*Action item*. Exact repetition, pictures omitted: give every record below again.

━━━━━━━━━━━━━━━━━━━━

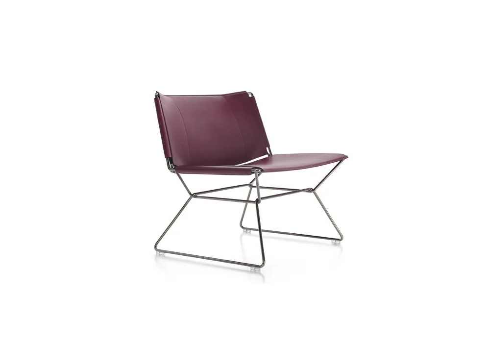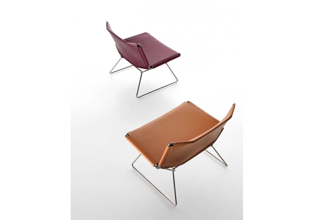 Neil Leather firmata da Jean Marie Massaud per MDF Italia è una poltrona con struttura cromata nera e rivestimento in differenti finiture di cuoio.
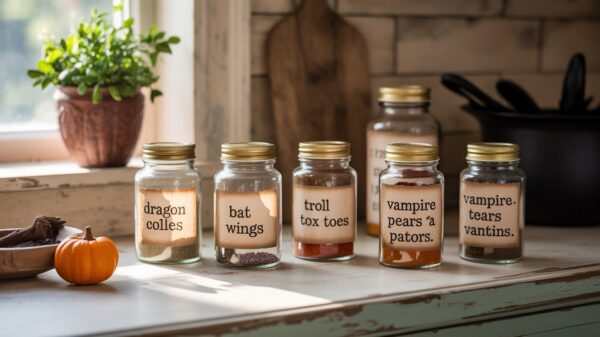 Transform your ordinary spice rack into a witch’s pantry with custom labels that turn everyday ingredients into magical potions – it’s functional Halloween decorating at its finest! Create aged-looking labels using tea or coffee stains on regular paper, then rename your spices with spooky alternatives like “Bat Wings” for black pepper, “Troll Toes” for whole cloves, or “Vampire Tears” for vanilla extract. The beauty of this project is that it works with spices you already own, costs almost nothing to execute, and creates amazing conversation starters for guests. Food Network personalities would totally approve of this kind of seasonal kitchen styling that’s both practical and festive. Plus, it makes cooking dinner feel like you’re brewing magical potions!
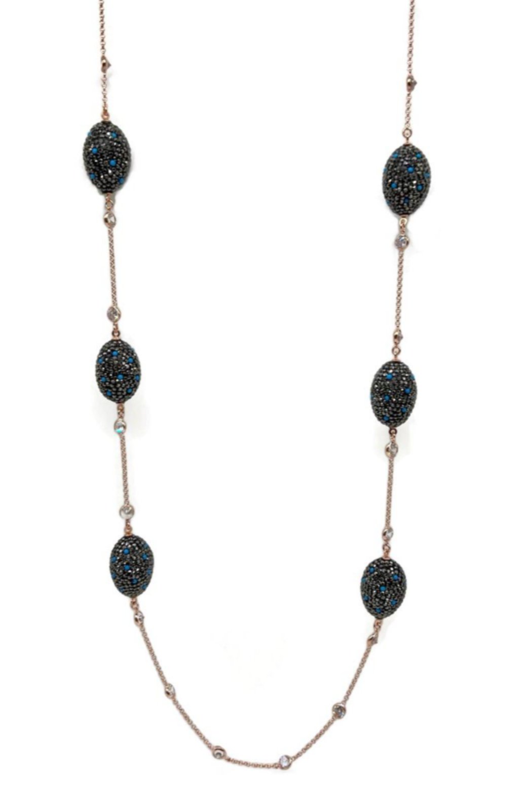 Hematite Long Necklace decorated with small turquoise beads and CZ.
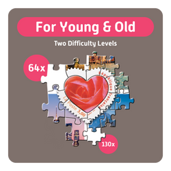 Two halves with different levels of difficulty. Large, easy-to-grip puzzle pieces for seniors.
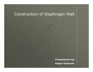 The document discusses the construction of diaphragm walls. Diaphragm walls are reinforced concrete walls constructed underground using an excavation technique that keeps the trench full of a bentonite slurry. They are commonly used for deep basements and where construction time is limited. The construction process involves excavating trenches in panels, installing stop ends between panels, placing reinforcement cages, and pouring concrete through a tremie pipe to displace the slurry. Proper installation and maintenance of the bentonite slurry is crucial to prevent trench collapse during excavation and concrete placement.
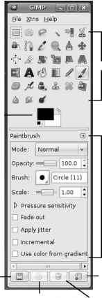 The GNU Image Manipulation Package, affectionately known as the GIMP to its friends, is a powerful graphics package. The GIMP provides a comprehensive range of functionality for creating different types of graphics. It includes tools for selections, drawing, creating paths, masks, filters, effects, and more. It also includes a range of templates for different types of media such as Web banners, different paper sizes, video frames, CD covers, floppy disk labels, and even toilet paper. Yes, toilet paper. You can load the GIMP by clicking Applications Graphics GIMP Image Editor. Unlike Adobe Photoshop, the GIMP does not place all of its windows inside a single large window, and instead has a number of separate child windows. This can be a little confusing at first for new users. To get you started, let us run through a simple session in the GIMP. Start the GIMP by clicking Applications Graphics GIMP Image Editor.

━━━━━━━━━━━━━━━━━━━━

*Exercise result*.
 Neil Leather firmata da Jean Marie Massaud per MDF Italia è una poltrona con struttura cromata nera e rivestimento in differenti finiture di cuoio.
 Transform your ordinary spice rack into a witch’s pantry with custom labels that turn everyday ingredients into magical potions – it’s functional Halloween decorating at its finest! Create aged-looking labels using tea or coffee stains on regular paper, then rename your spices with spooky alternatives like “Bat Wings” for black pepper, “Troll Toes” for whole cloves, or “Vampire Tears” for vanilla extract. The beauty of this project is that it works with spices you already own, costs almost nothing to execute, and creates amazing conversation starters for guests. Food Network personalities would totally approve of this kind of seasonal kitchen styling that’s both practical and festive. Plus, it makes cooking dinner feel like you’re brewing magical potions!
 Hematite Long Necklace decorated with small turquoise beads and CZ.
 Two halves with different levels of difficulty. Large, easy-to-grip puzzle pieces for seniors.
 The document discusses the construction of diaphragm walls. Diaphragm walls are reinforced concrete walls constructed underground using an excavation technique that keeps the trench full of a bentonite slurry. They are commonly used for deep basements and where construction time is limited. The construction process involves excavating trenches in panels, installing stop ends between panels, placing reinforcement cages, and pouring concrete through a tremie pipe to displace the slurry. Proper installation and maintenance of the bentonite slurry is crucial to prevent trench collapse during excavation and concrete placement.
 The GNU Image Manipulation Package, affectionately known as the GIMP to its friends, is a powerful graphics package. The GIMP provides a comprehensive range of functionality for creating different types of graphics. It includes tools for selections, drawing, creating paths, masks, filters, effects, and more. It also includes a range of templates for different types of media such as Web banners, different paper sizes, video frames, CD covers, floppy disk labels, and even toilet paper. Yes, toilet paper. You can load the GIMP by clicking Applications Graphics GIMP Image Editor. Unlike Adobe Photoshop, the GIMP does not place all of its windows inside a single large window, and instead has a number of separate child windows. This can be a little confusing at first for new users. To get you started, let us run through a simple session in the GIMP. Start the GIMP by clicking Applications Graphics GIMP Image Editor.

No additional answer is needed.